Helping communities become climate resilient

Climate adaptation is local. The Hudson River Estuary Program and its partners work to engage, educate and empower communities to adapt to climate change.

Recognizing leaders with NYS Climate Smart Communities

Climate Smart Communities is a New York State program that helps local governments take steps to ensure we live in a resilient society that keeps pace with a changing ecosystem for decades to come, by reducing greenhouse gas emissions and adapting to a changing climate. The program offers free technical assistance, grants, and rebates. Communities in our region are climate leaders: 120 of the 261 (47%) estuary municipalities are registered Climate Smart Communities (CSCs), compared to 20% statewide. 26 (10%) are ambitious certified CSCs, compared to 4% statewide. The Estuary Program is actively encouraging this participation in the CSC program.
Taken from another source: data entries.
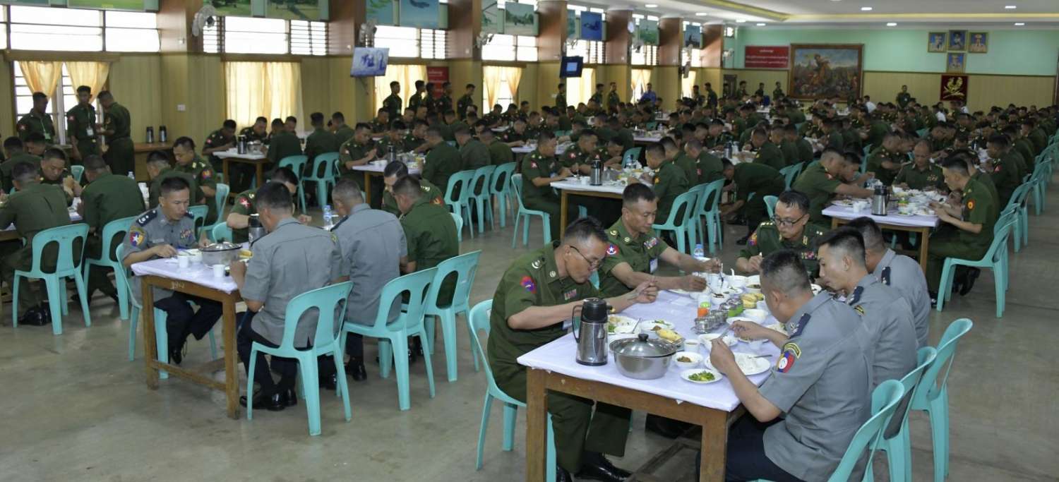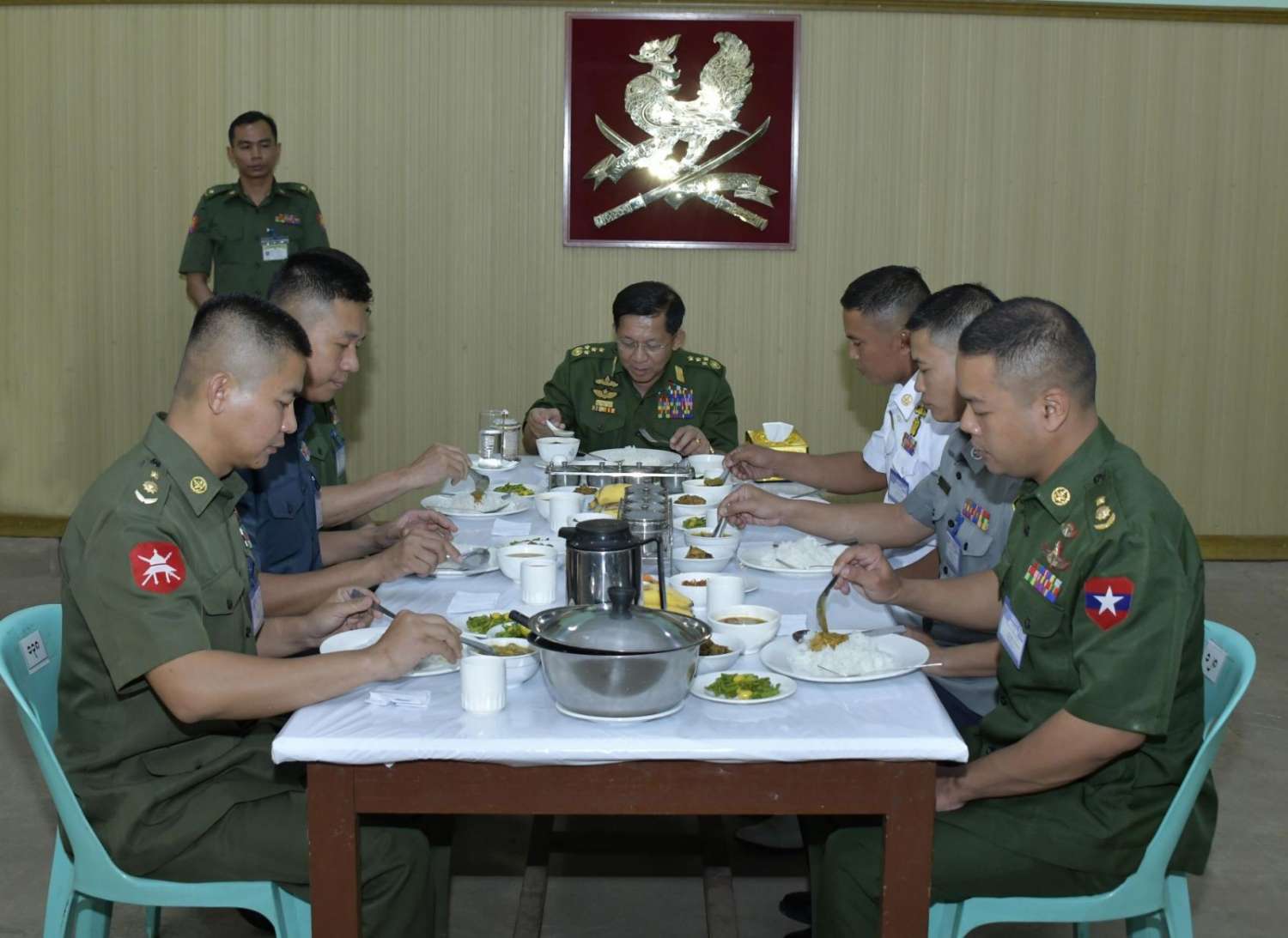 ထို့နောက် နိုင်ငံတော်စီမံအုပ်ချုပ်ရေးကောင်စီဥက္ကဋ္ဌ တပ်မတော်ကာကွယ်ရေးဦးစီးချုပ်နှင့် အဖွဲ့ဝင်များသည် စစ်ဦးစီးတက္ကသိုလ်မှ နည်းပြအရာရှိကြီးများ၊ သင်တန်းသားအရာရှိကြီးများနှင့်အတူ နေ့လယ်စာကို အတူတကွသုံးဆောင်ခဲ့ကြကြောင်း သတင်းရရှိသည်။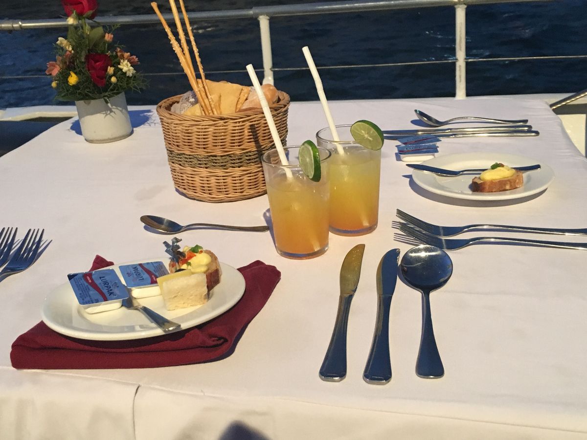 15年前は日本人も相当数乗っていた記憶があり、クルーの方々も結構日本語で話しかけてくれることが多く、到着直前には最初にシュノーケリングを楽しんだ方が混雑する順を考えるといいよとアドバイスにきてくれたり、食事もすぐになくなるからとマンゴスチンをいっぱい持ってきてくれたり、いろいろなスタッフの方が常に気を使ってくれている感じで、とても個人客に、そして日本人にWelcomeな感じでした。
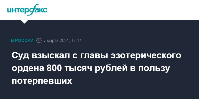 Суд взыскал с главы эзотерического ордена 800 тысяч рублей в пользу потерпевших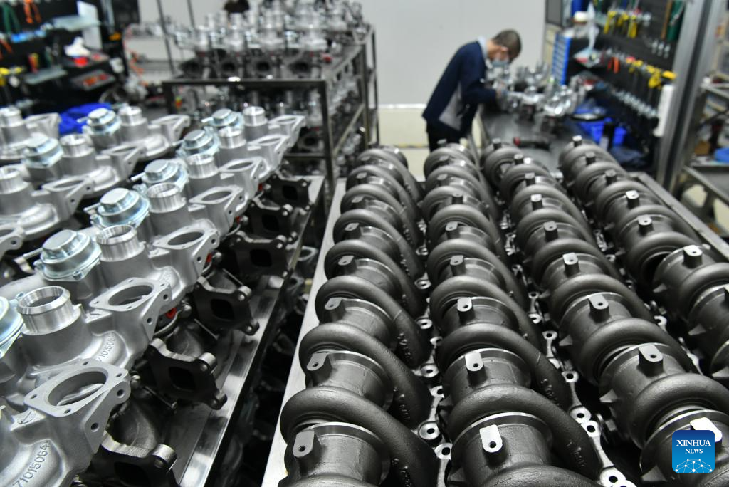 A worker operates at a workshop of Turbo Auto Parts Remanufaturing (Hebei) Co., Ltd. in Hejian city, north China's Hebei province, Aug. 10, 2024. There are more than 170 remanufaturing enterprises in Hejian city, focusing on areas of automotive parts, oil drilling equipment, and computer servers. They were recognized by the Ministry of Industry and Information Technology as a distinctive industrial cluster of small and medium enterprises in 2022, and generated a combined revenue of more than 14 billion yuan (about 1.96 billion US dollars) in 2023. (Xinhua/Mu Yu)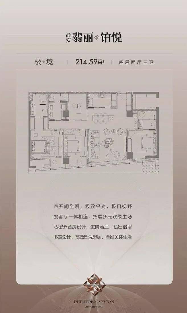 【极境】建筑面积约214.59㎡丨4房2厅3卫(双套房)

Helping communities complete adaptation actions

Cornell Cooperative Extensions (CCEs) are working directly with municipalities to help them complete Adaptation Actions (chapter 7) from the Climate Smart Communities (CSC) certification program.

This year's work supports Columbia-Greene, Dutchess and Ulster CCEs and 13 municipal and county partners to complete 17 adaptation actions from the CSC certification program. Adaptation actions include culvert management plans, water infrastructure inventories, vulnerability assessments, residential flood guides and more. The project will additionally fund CCE to support five municipalities to achieve CSC certification. For events and more information on this project, please visit Climate Resilience Partnership.

Flood Resilience Network

The Estuary Program supports municipal resilience planning to study flood risks and solutions for their waterfronts. A group of leading communities meet as a Flood Resilience Network to share insights and lessons learned, and work together on solutions. The network is led by a collaboration with NY Sea Grant, the Hudson River Watershed Alliance, the Consensus Building Institute, and Scenic Hudson. You can read the final waterfront resilience plans online (PDF) from leading communities: KingstonPiermont, and Catskill.

Additional support

The Climate Change program provides the latest information on climate projections and support programs. Please visit our page on Resources for Building Resilience next. We also work directly with communities to provide climate summaries that can be used in a variety of planning processes, and bring in Cornell Landscape Architecture students to provide inspirational climate-adaptive design concepts.